The records underneath are to be repeated exactly, with the pictures left out.

§ **Source material**:
+ + + + + + +

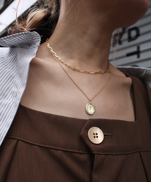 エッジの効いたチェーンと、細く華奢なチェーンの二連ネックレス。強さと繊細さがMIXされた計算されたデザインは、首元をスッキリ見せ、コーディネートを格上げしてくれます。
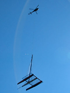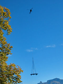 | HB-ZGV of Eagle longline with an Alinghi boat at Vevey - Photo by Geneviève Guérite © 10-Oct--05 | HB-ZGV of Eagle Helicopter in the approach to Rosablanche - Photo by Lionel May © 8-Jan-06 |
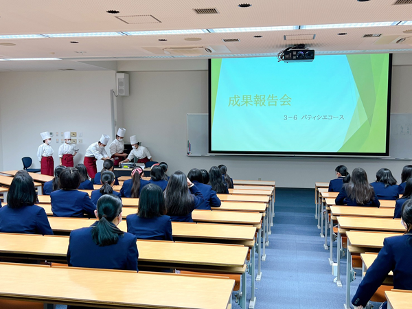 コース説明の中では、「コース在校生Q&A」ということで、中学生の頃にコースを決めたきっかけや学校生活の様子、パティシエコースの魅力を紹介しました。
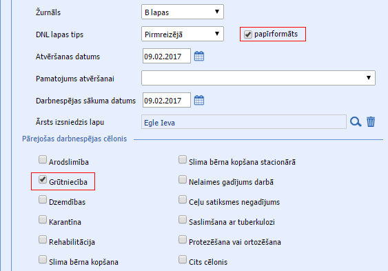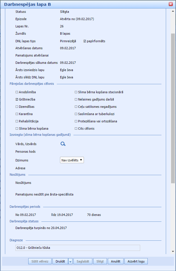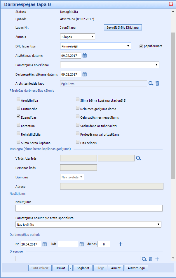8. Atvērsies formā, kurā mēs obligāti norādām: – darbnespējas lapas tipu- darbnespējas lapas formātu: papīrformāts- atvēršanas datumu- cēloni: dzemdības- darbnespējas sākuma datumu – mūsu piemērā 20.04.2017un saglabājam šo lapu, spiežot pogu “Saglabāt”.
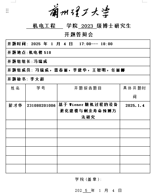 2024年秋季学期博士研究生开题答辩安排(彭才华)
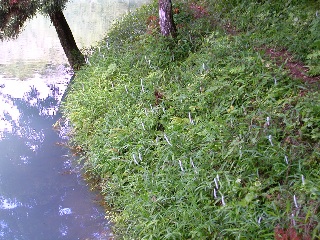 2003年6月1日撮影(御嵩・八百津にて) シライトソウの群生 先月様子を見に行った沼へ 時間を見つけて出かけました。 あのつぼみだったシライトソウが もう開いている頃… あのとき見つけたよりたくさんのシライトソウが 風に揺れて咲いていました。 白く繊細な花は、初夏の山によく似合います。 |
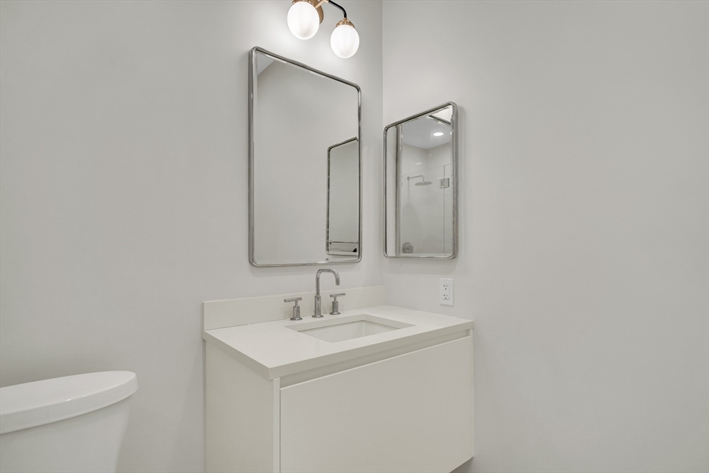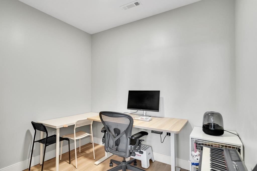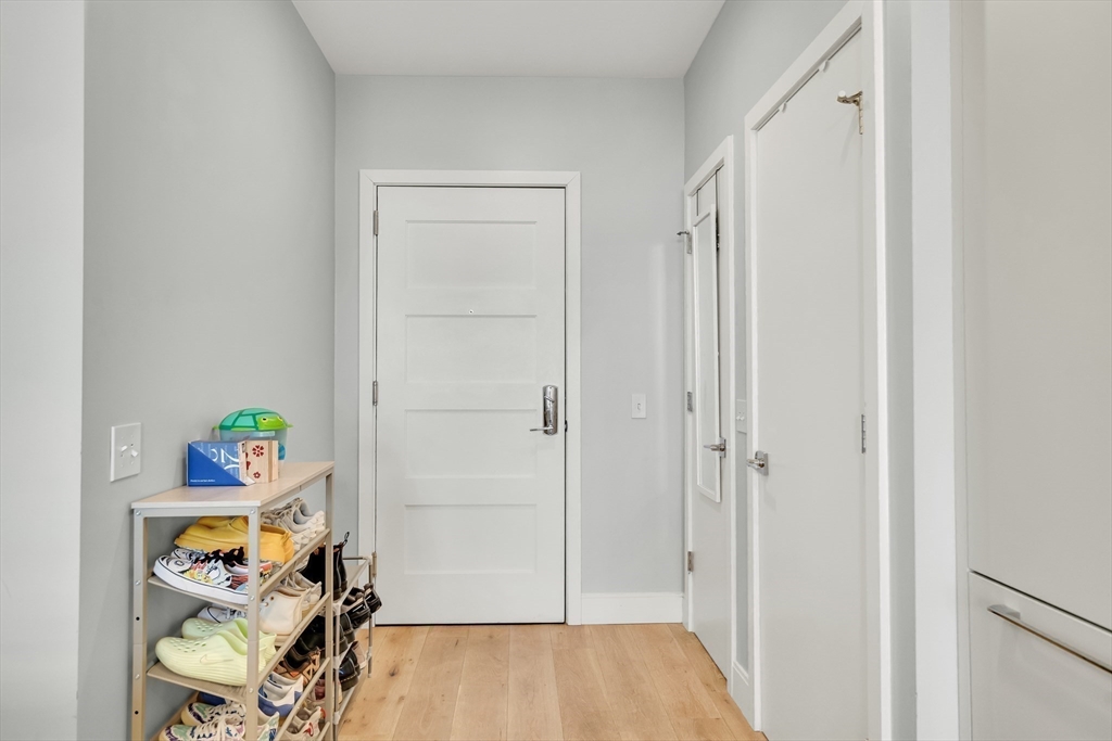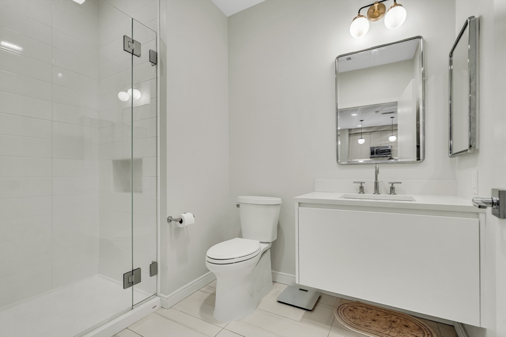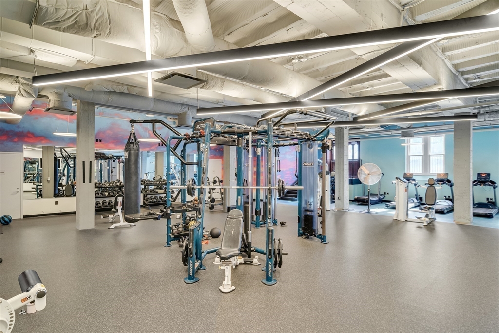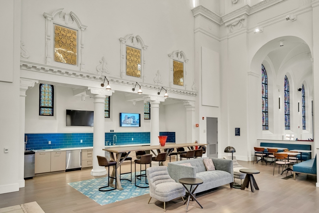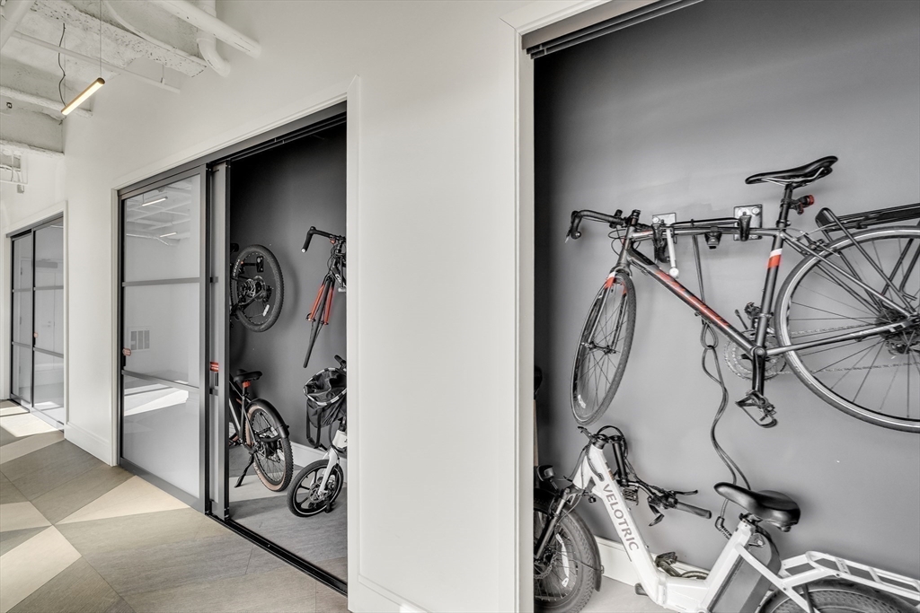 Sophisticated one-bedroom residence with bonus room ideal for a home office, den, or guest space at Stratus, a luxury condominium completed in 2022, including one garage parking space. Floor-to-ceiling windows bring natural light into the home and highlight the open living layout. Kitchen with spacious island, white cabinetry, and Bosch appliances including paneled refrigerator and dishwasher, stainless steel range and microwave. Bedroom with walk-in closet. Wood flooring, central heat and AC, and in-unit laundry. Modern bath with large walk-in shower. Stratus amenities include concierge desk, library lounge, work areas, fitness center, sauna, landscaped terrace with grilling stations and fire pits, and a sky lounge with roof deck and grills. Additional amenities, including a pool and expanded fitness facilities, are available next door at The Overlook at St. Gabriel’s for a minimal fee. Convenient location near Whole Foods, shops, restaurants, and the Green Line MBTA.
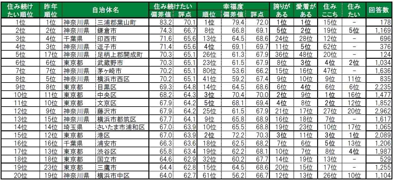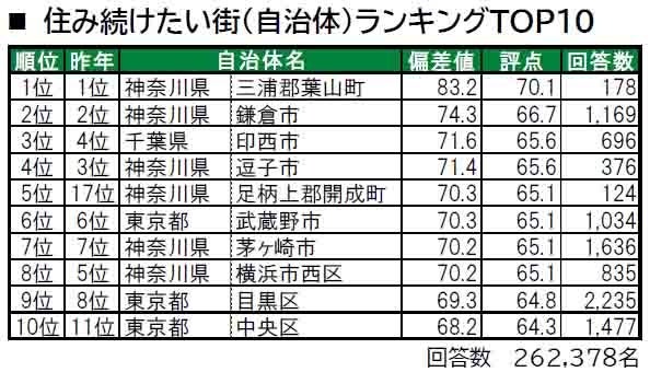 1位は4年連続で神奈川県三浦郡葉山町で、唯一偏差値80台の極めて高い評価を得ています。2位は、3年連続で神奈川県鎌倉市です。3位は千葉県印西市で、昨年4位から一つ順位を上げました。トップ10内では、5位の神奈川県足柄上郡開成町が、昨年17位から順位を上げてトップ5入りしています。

+ + + + + + +

§ **Task answer**:
 エッジの効いたチェーンと、細く華奢なチェーンの二連ネックレス。強さと繊細さがMIXされた計算されたデザインは、首元をスッキリ見せ、コーディネートを格上げしてくれます。
 | HB-ZGV of Eagle longline with an Alinghi boat at Vevey - Photo by Geneviève Guérite © 10-Oct--05 | HB-ZGV of Eagle Helicopter in the approach to Rosablanche - Photo by Lionel May © 8-Jan-06 |
 コース説明の中では、「コース在校生Q&A」ということで、中学生の頃にコースを決めたきっかけや学校生活の様子、パティシエコースの魅力を紹介しました。
8. Atvērsies formā, kurā mēs obligāti norādām: – darbnespējas lapas tipu- darbnespējas lapas formātu: papīrformāts- atvēršanas datumu- cēloni: dzemdības- darbnespējas sākuma datumu – mūsu piemērā 20.04.2017un saglabājam šo lapu, spiežot pogu “Saglabāt”.
 2024年秋季学期博士研究生开题答辩安排(彭才华)
 2003年6月1日撮影(御嵩・八百津にて) シライトソウの群生 先月様子を見に行った沼へ 時間を見つけて出かけました。 あのつぼみだったシライトソウが もう開いている頃… あのとき見つけたよりたくさんのシライトソウが 風に揺れて咲いていました。 白く繊細な花は、初夏の山によく似合います。 |
 Sophisticated one-bedroom residence with bonus room ideal for a home office, den, or guest space at Stratus, a luxury condominium completed in 2022, including one garage parking space. Floor-to-ceiling windows bring natural light into the home and highlight the open living layout. Kitchen with spacious island, white cabinetry, and Bosch appliances including paneled refrigerator and dishwasher, stainless steel range and microwave. Bedroom with walk-in closet. Wood flooring, central heat and AC, and in-unit laundry. Modern bath with large walk-in shower. Stratus amenities include concierge desk, library lounge, work areas, fitness center, sauna, landscaped terrace with grilling stations and fire pits, and a sky lounge with roof deck and grills. Additional amenities, including a pool and expanded fitness facilities, are available next door at The Overlook at St. Gabriel’s for a minimal fee. Convenient location near Whole Foods, shops, restaurants, and the Green Line MBTA.
 1位は4年連続で神奈川県三浦郡葉山町で、唯一偏差値80台の極めて高い評価を得ています。2位は、3年連続で神奈川県鎌倉市です。3位は千葉県印西市で、昨年4位から一つ順位を上げました。トップ10内では、5位の神奈川県足柄上郡開成町が、昨年17位から順位を上げてトップ5入りしています。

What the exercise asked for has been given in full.